What you will do:
All pictures are to be omitted while the lines starting at the line with "Elegant necklace featuring" and ending at the line with "Three clear glass" in the material below are retyped exactly, both ends included.

*** Source information Section Begins ***

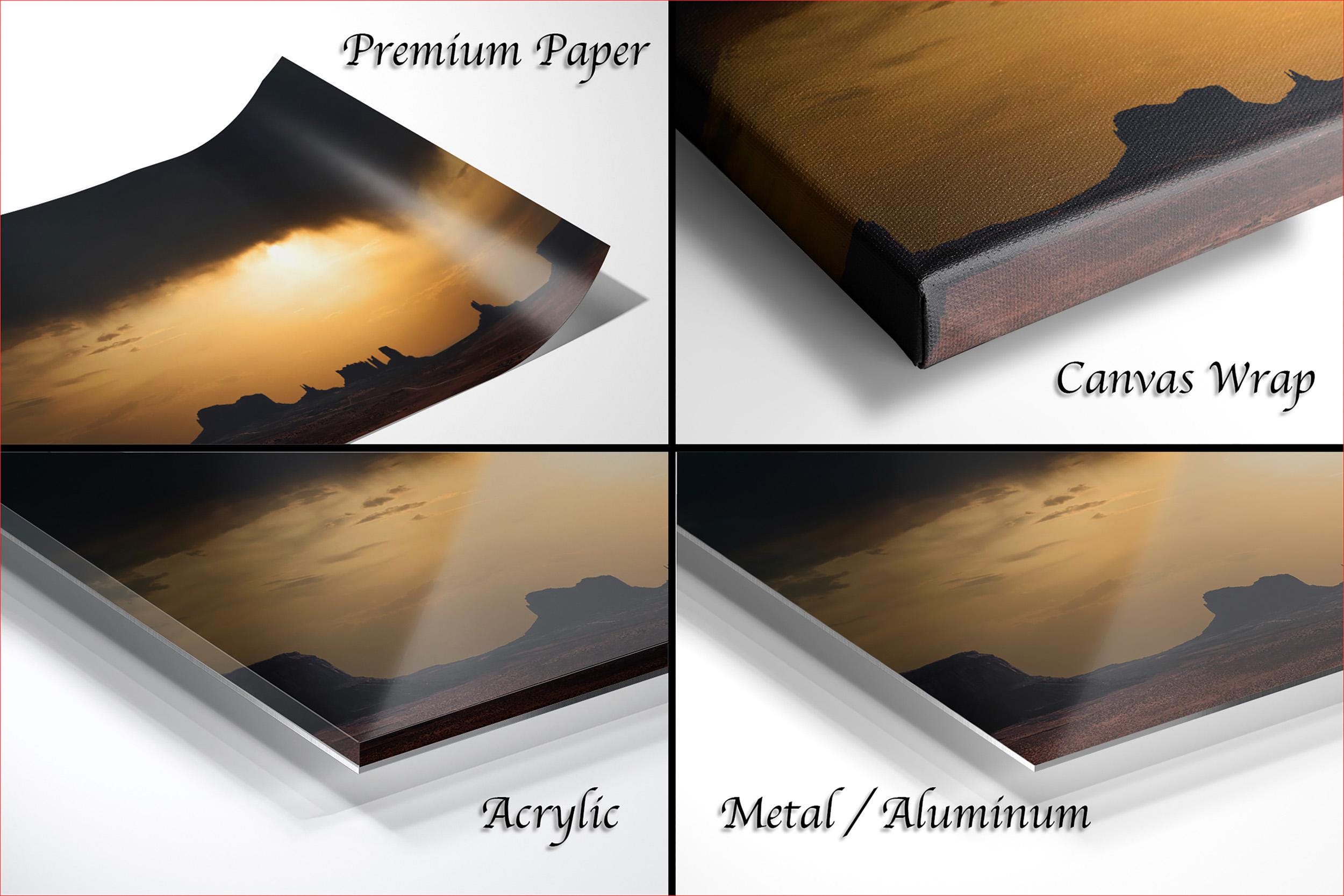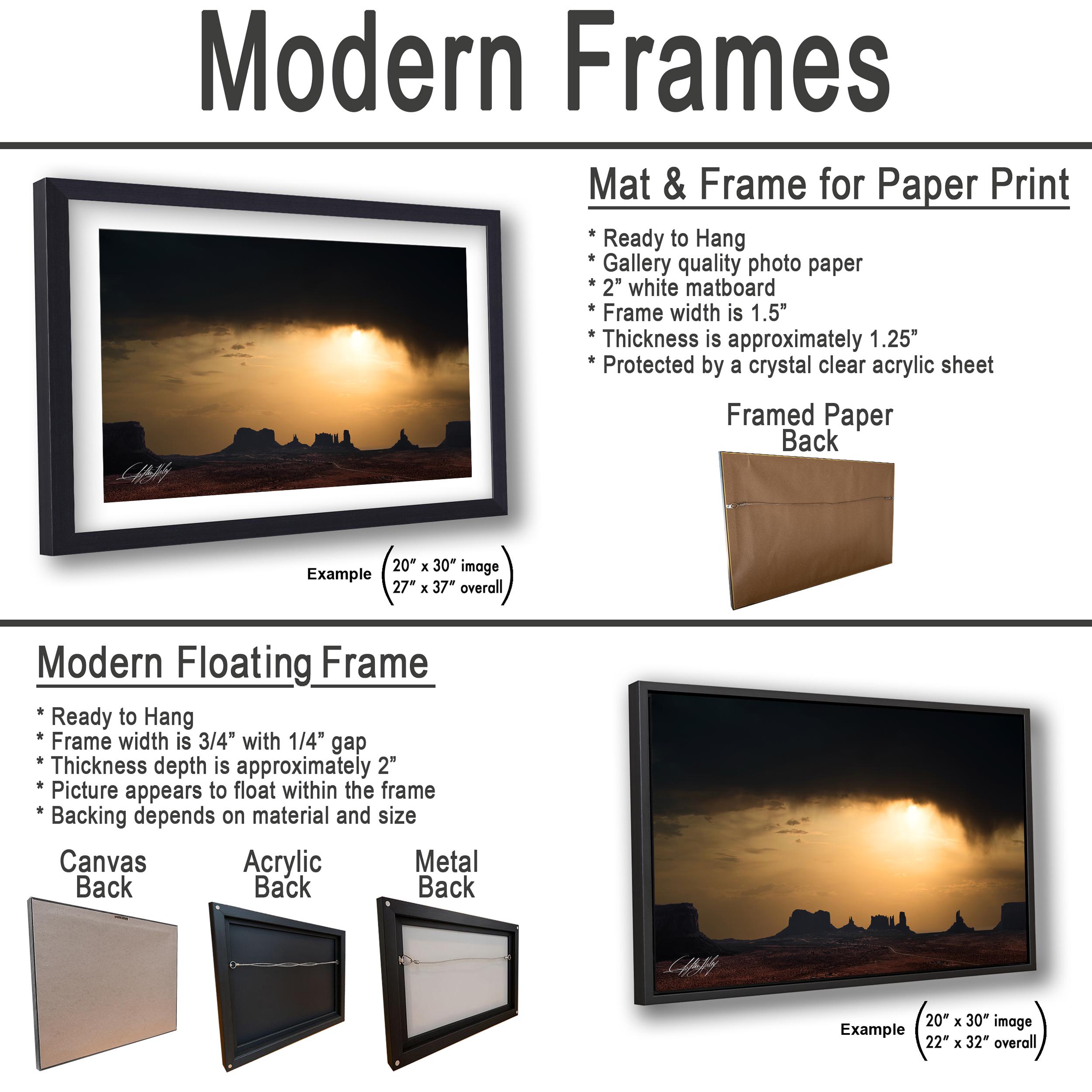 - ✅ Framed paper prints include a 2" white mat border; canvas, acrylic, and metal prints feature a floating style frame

*** Source information Section Ends ***
*** Source information Section Begins ***

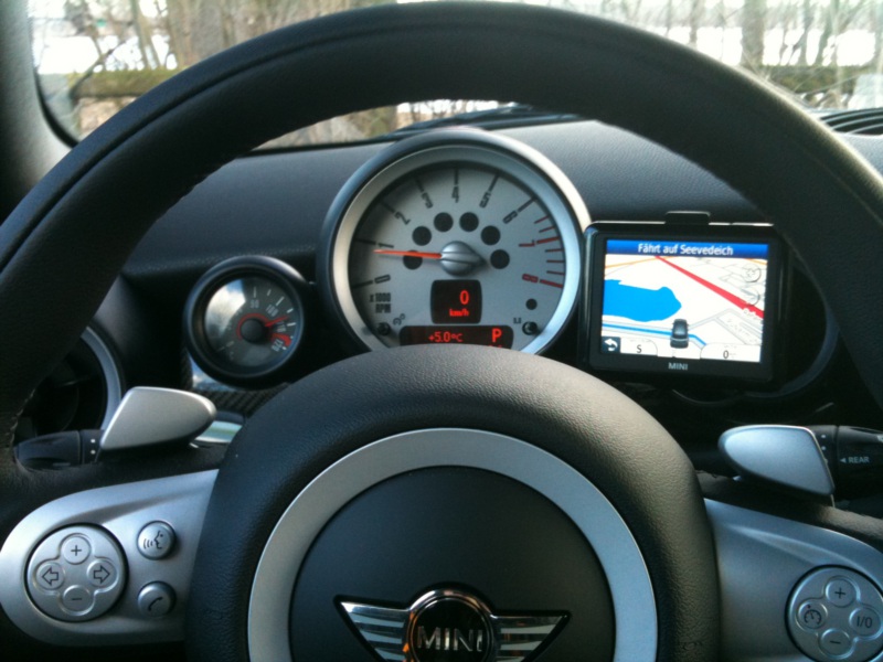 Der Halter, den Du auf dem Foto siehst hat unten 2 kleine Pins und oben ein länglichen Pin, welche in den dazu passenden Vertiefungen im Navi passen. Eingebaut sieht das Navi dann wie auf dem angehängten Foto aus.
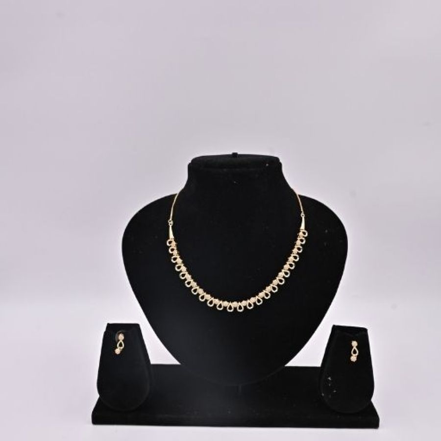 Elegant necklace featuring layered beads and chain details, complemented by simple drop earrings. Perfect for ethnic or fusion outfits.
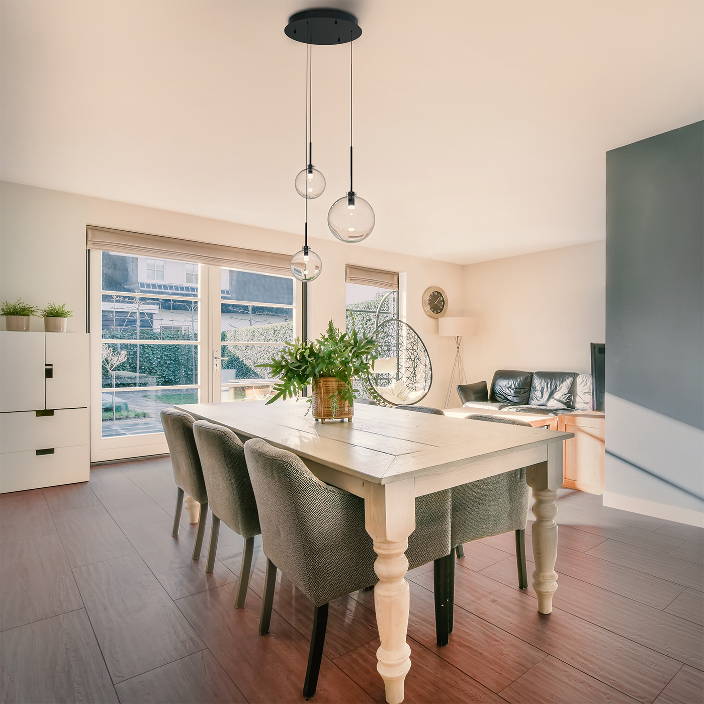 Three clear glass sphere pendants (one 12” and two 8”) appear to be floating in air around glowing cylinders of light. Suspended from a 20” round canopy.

*** Source information Section Ends ***

Your response:
 Elegant necklace featuring layered beads and chain details, complemented by simple drop earrings. Perfect for ethnic or fusion outfits.
 Three clear glass sphere pendants (one 12” and two 8”) appear to be floating in air around glowing cylinders of light. Suspended from a 20” round canopy.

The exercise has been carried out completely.